Один ряд столиков уже занят целиком, а во втором ряду, в глубине зала, маленьким островком притулились два студента-первокурсника, едва-едва оперившиеся, голубоглазые, с детскими, пухлыми губами.
Они сидят, склонившись друг к другу, глаза в глаза: среди этой разноголосицы наконец-то могут они поговорить по душам.
И когда голоса их начинают тонуть в этом шумном море, тот, что сидит спиной к дверям, оборачивается к репродуктору.
— Пусть, пусть эта рухлядь поговорит. Но зачем же ей орать во всю глотку?..
Оба, пережидая, сидят некоторое время молча, затем снова головы сближаются, и снова журчит разговор.
Пока не принесли суп, студенты болтают, рассуждают о политике, подшучивают, издеваются друг над другом и все вместе — над начальством.
В проходе между столами разглагольствуют пламенные ораторы, громогласно высказывая свои мнения и усердно жестикулируя, в подражание своим политическим кумирам. Они мнят себя и впрямь на трибуне, где все всегда и во всем правы, и с противниками расправляются градом язвительных насмешек. Эти дерзкие юнцы и есть завтрашние политические деятели.

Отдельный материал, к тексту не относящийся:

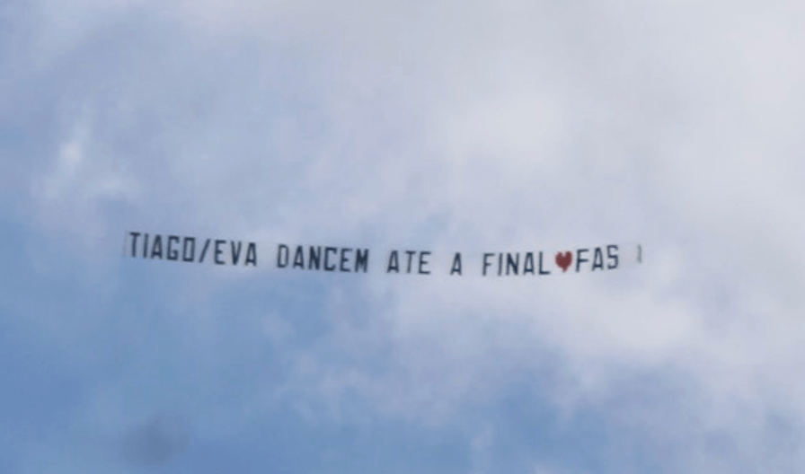 Na faixa do avião podia ler-se uma mensagem de apoio aos dois concorrentes: “Tiago / Eva DANCEM ATÉ À FINAL / FÃS”.

Вокруг них теснятся робкие новички.
Это толпа, люди, которые всему охотно поддакивают, согласны со всем, что говорится, до того согласны, что им кажется: заговори они сами, именно это и скажут. Попадаются, правда, в толпе и иные — те, что никогда и ни с кем не согласны, даже если суть проще пареной репы, они и ее оспорят, останутся при своем личном мнении и будут без конца придираться.
Между всеми нами, лавируя, пробираются молча студенты, не утратившие рассудка, в ушах у них звенит эхо лекций, голова занята прочитанными книгами и своей работой. Между ними и кипящим вокруг студенческим мирком бездна.
Столы, которые студентам занимать не положено, обслуживают, — а почему, неизвестно, — коридорные из общежития. Как же они стараются двигаться осторожно, ходить бесшумно — лоб покрывается испариной от стараний.
Ходить они научились в поле за плугом, по холмам с отарой, а с тарелками в руках чувствуют себя скованно. Им бы в руки мотыгу или мешок потяжелее!..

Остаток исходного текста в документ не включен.